When veterinarians see that The Farmer’s Dog has these Board-Certified Nutritionists, provides all of that nutrition, while avoiding the excess processing of kibble and providing benefits of fresh, they become some of our biggest advocates.
They’re also seeing some of the outcomes up close. Better digestion, healthier weight, shinier coats, and revitalized energy. That’s where a lot of the confidence comes from.
Knox: What do you wish you had known when you started in 2014?
Regev: If we had known how hard it was, we might not have started. But once we saw what this food does for dogs, it stopped being a question of whether it would work and became a question of how to make it work for millions of dogs. That’s the difference. You don’t need certainty on the outcome. You need conviction that the system should and could change. Once you see that, it’s hard to walk away.

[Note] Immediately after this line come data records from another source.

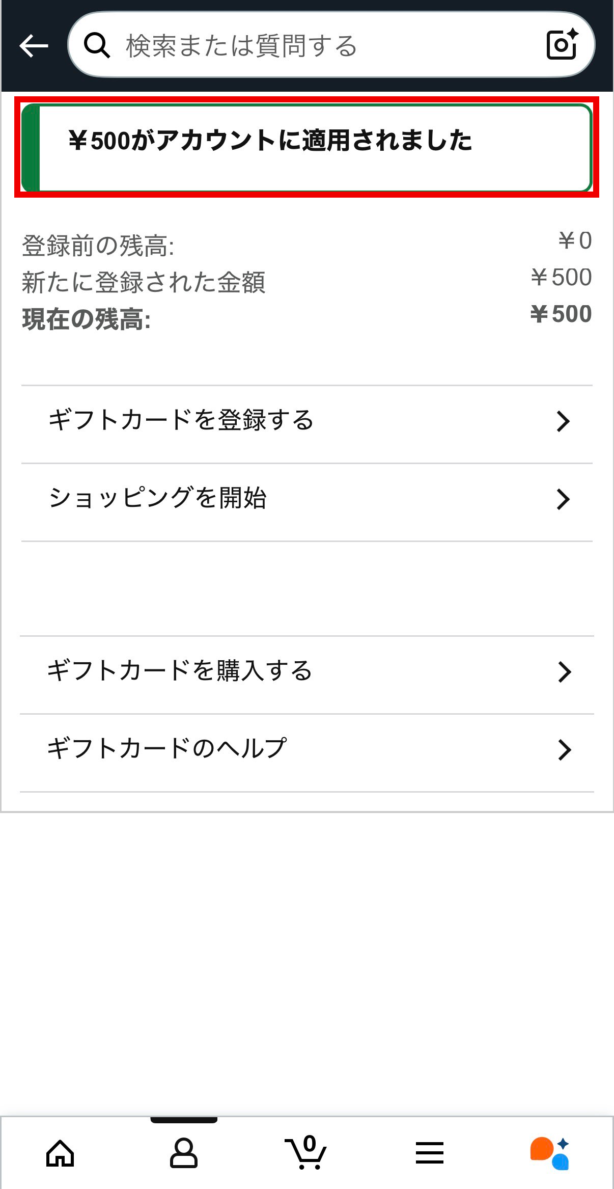 当選画面において表示されたAmazonギフトカードのコードを入力し、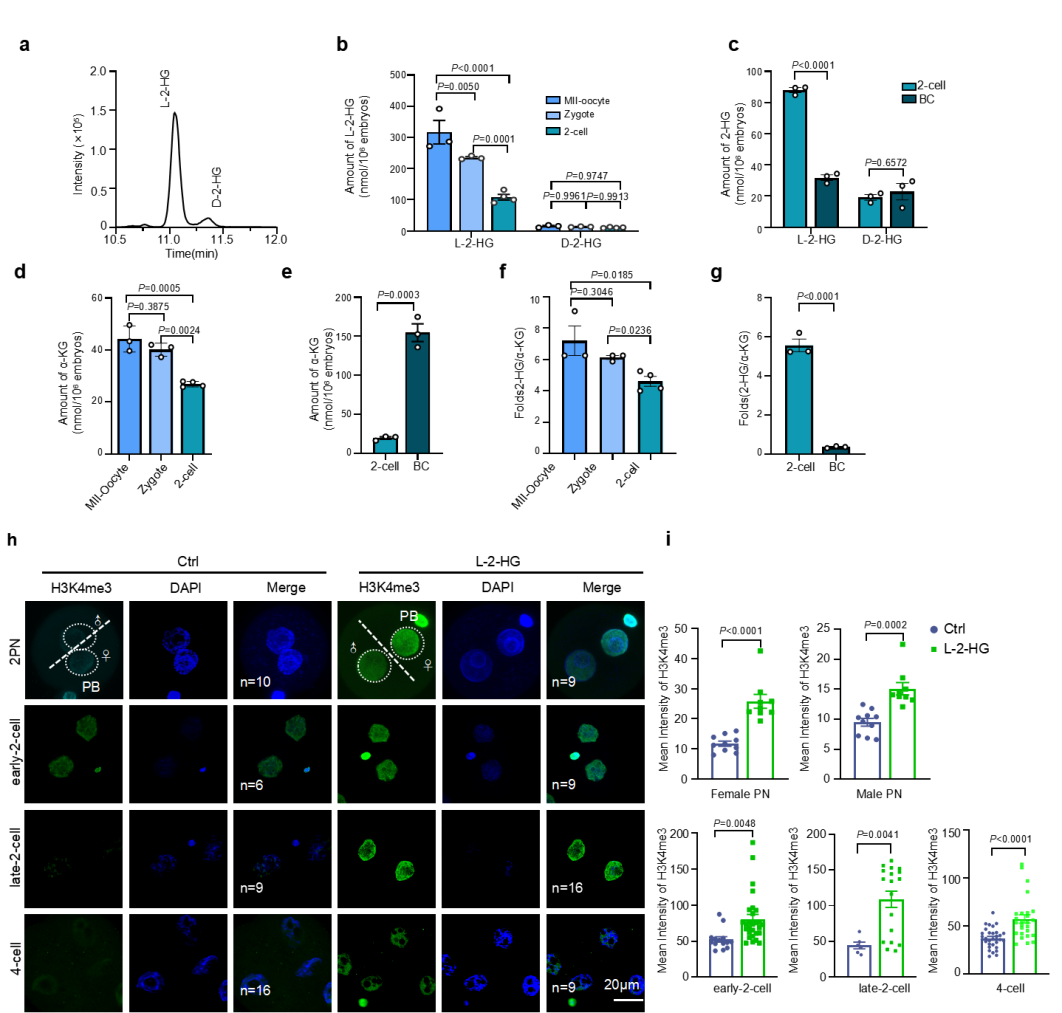 为了进一步研究哺乳动物早期胚胎发育中的2-HG, 研究团队首先鉴定了胚胎中检测到的是通常生理条件下存在的L-2-HG。接着研究团队发现卵母细胞中L-2-HG含量最高,绝对定量显示可以达到mM级别的浓度,这与具有IDH1/2突变的癌症细胞中的D-2-HG的浓度类似。随着受精后胚胎的发育,L-2-HG含量逐渐降低(图4)。早期胚胎体外培养过程中添加外源性L-2-HG会阻碍胚胎的发育。2-HG作为去甲基化酶的辅助因子α-KG的竞争性拮抗剂,可能参与受精后一系列组蛋白的去甲基化过程。研究团队发现如果阻止发育过程中L-2-HG水平的降低,将造成H3K4me3等组蛋白修饰擦除的阻滞。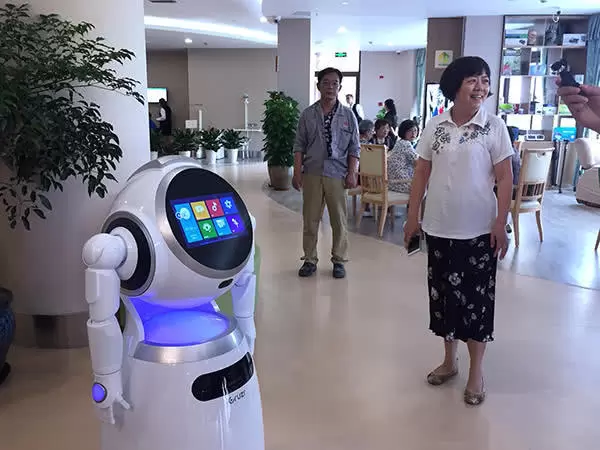周家渡街道社区综合为老服务中心内会跳舞的迎宾机器人。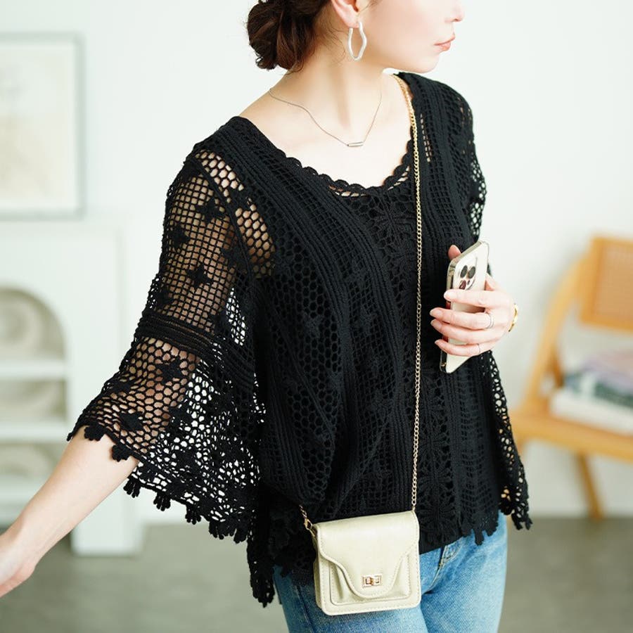 かぎ編みレースで仕立てられたプルオーバートップスは、いつものコーデに重ねるだけで品のある大人なスタイリングに仕上がるアイテム。ざっくり感のあるかぎ編みでヘルシーな肌見せスタイルに。ふわりと広がるフレアなシルエットで女性らしさをアップします。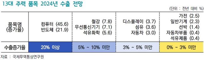 품목별로는우리나라의 13대 주력 품목 수출이 모두 증가세로 전환될 전망이다.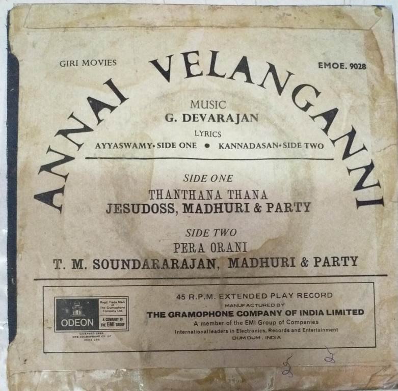 Annai Velanganni Tamil Film EP Vinyl Record by G Devarajan

Knox: Where do you want the industry to be in five years?
Regev: The industry simplifies into two clear tiers. The first is cheap, reliable nutrition, everything a dog needs to not be malnourished, made efficiently and accessible everywhere. There’s a real place for that.
The second tier is for owners who want to invest more. And if you’re going to spend more, it should buy better outcomes, not better packaging.
Right now, that second tier is a mess. Dozens of products, similar claims, buzz words, very little differentiation in outcomes. The ingredient quality and manufacturing quality are not really different from their more affordable counterparts, frighteningly it is sometimes worse. That’s what we’re changing. This is the moment the old system starts to give way to a better one. The Farmer’s Dog is building that platform.
Food is the biggest lever, but it’s one part of a larger platform: earlier insight, better guidance, and a clearer picture of a dog’s health over time. The goal is simple for us: more healthy years for dogs, and happier owners.
We have a real opportunity to change how long and how well dogs live. That’s what we are going after.